Glenmark Pharmaceuticals Limited (GPL), a Rs.5,980 crore plus pharma major, announced that its wholly owned subsidiary Glenmark Pharmaceuticals S.A. (GPSA) has initiated IND enabling studies of a novel clinical development candidate, GBR 1302, a HER2xCD3 bispecific antibody.
GBR 1302 was discovered and developed by the Glenmark Biologics Research Centre located in La Chaux-de-Fonds, Switzerland. GBR 1302 is based on Glenmark’s innovative BEAT antibody technology platform which facilitates the efficient development and manufacture of antibodies with dual specificities, so-called bispecific antibodies.
GBR 1302 is the first clinical development candidate based on the BEAT technology. Glenmark expects to obtain approval for the initiation of clinical studies during this financial year.
HER2, also known as HER2/neu, or receptor tyrosine-protein kinase erbB-2, is the target of the antibody cancer drugs trastuzumab, pertuzumab and trastuzumab emtansine and is involved in breast cancer and ovarian cancer.

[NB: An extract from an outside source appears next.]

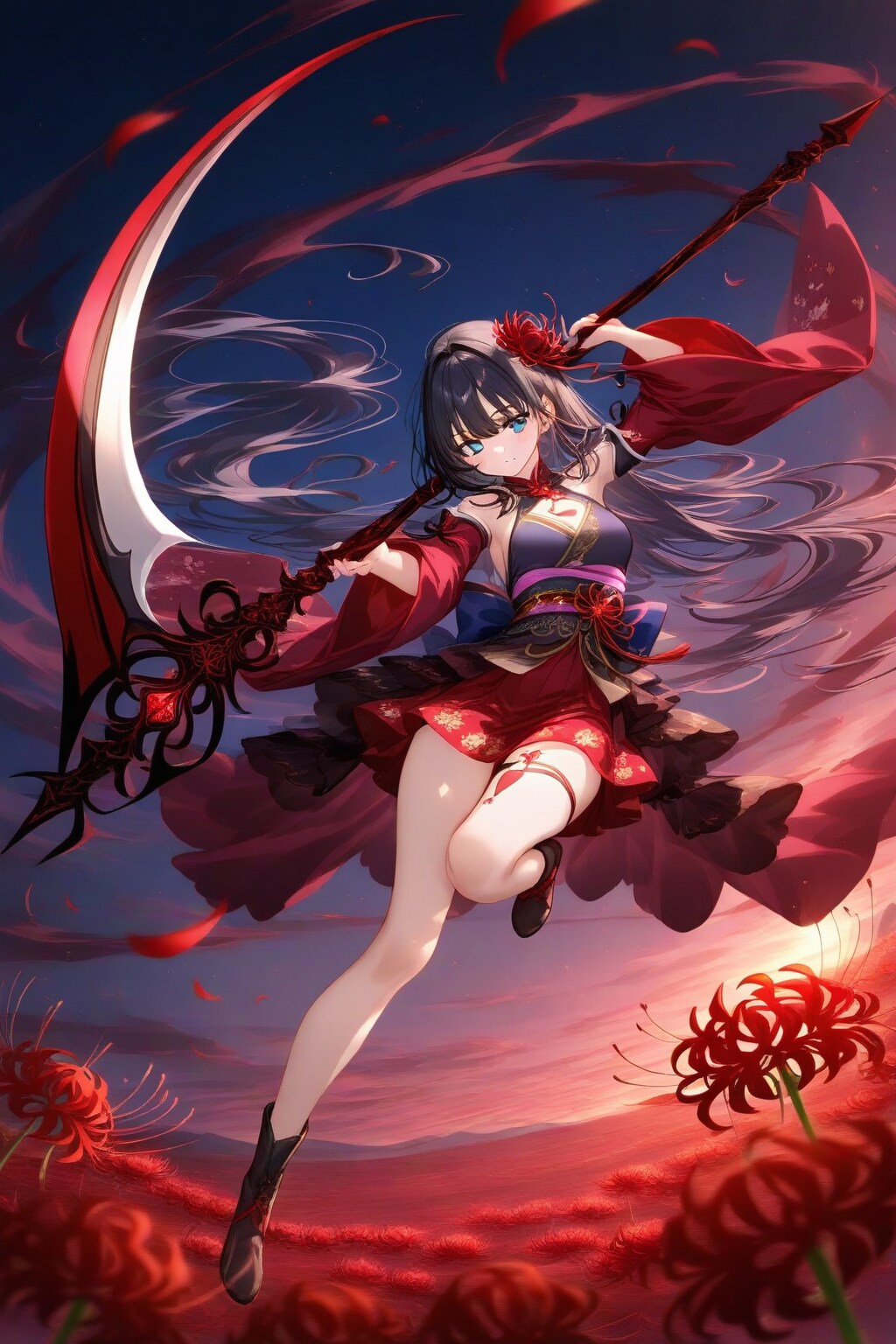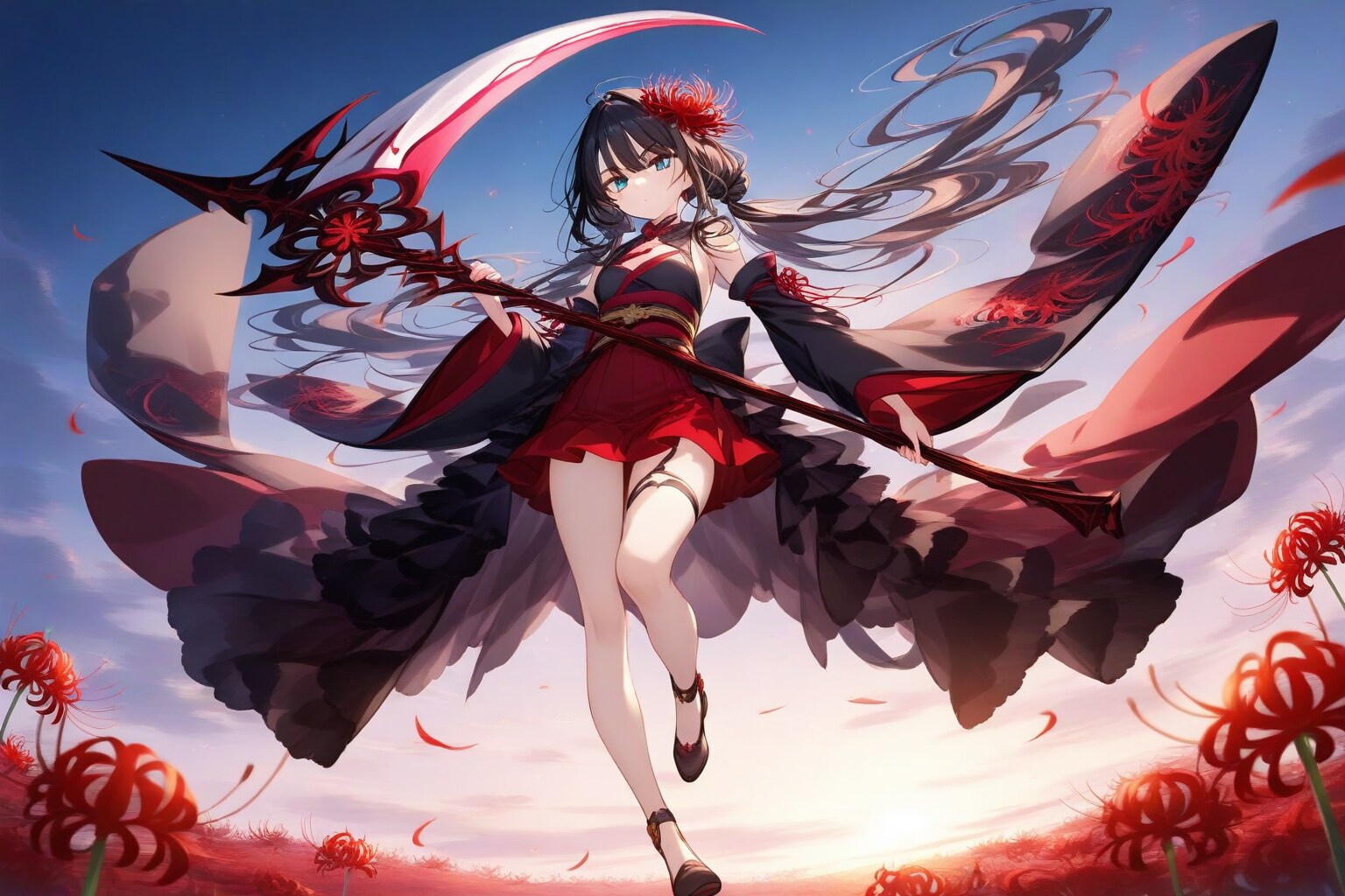 プロンプトに「spider lily」で曼珠沙華を生成できる事を勉強したので、曼珠沙華モチーフの魔法少女的な物を作ろうとしたら、明らかに死神の様な雰囲気になってしまったw

GBR 1302’s mode of action is different from current HER2 targeting antibodies. It redirects cytotoxic T cells through its CD3 binding arm onto HER2 expressing cancer cells and induces the killing of the cancer cells. The killing of cancer cells by GBR 1302 is more rapid, more complete and not subject to the same resistance escape mechanisms as competing therapies.
BEAT (Bispecific Engagement by Antibodies based on the T cell receptor) is a proprietary best in class platform of Glenmark. Engaging two targets with one bispecific antibody is an attractive concept to design new therapeutics. For the past 20 years, bispecific antibodies have been a challenge to the industry since all bispecific formats developed so far have had stability and/or manufacturing issues. With the invention of the BEAT technology Glenmark’s scientists have now overcome these bottlenecks and GBR 1302 is the first drug candidate based on this antibody engineering breakthrough technology.
Commenting on this milestone, Dr Michael Buschle, chief scientific officer & president-biologics, Glenmark Pharmaceuticals mentioned “GBR 1302 is significant for Glenmark on multiple levels: It is our first bispecific antibody, it is our first antibody based on our proprietary BEAT antibody engineering platform and it represents the entry of Glenmark into the Oncology innovator space, which has a huge commercial potential.”
With the addition of GBR 1302 to the pipeline, Glenmark has now four monoclonal antibodies in the Novel Biologics Entity (NBE) pipeline with three of them undergoing active clinical development. First, GBR 500, a monoclonal antibody represents a first-in-class opportunity indicated for the treatment of Multiple Sclerosis (MS) and other autoimmune diseases. GBR 500 has been licensed to Sanofi and is in phase II trials in the US.
The second monoclonal antibody, GBR 900 targets the TrkA receptor for chronic pain and is currently in clinical Phase I. This project is developed under license from Lay Line Genomics S.p.A., an Italian based Company. Monoclonal antibodies specific for TrkA represent a first-in-class opportunity for the treatment of chronic pain, which has a high level of unmet need. The third antibody is GBR 830, a best in class OX40 antagonist for autoimmune diseases which recently entered Phase I clinical development.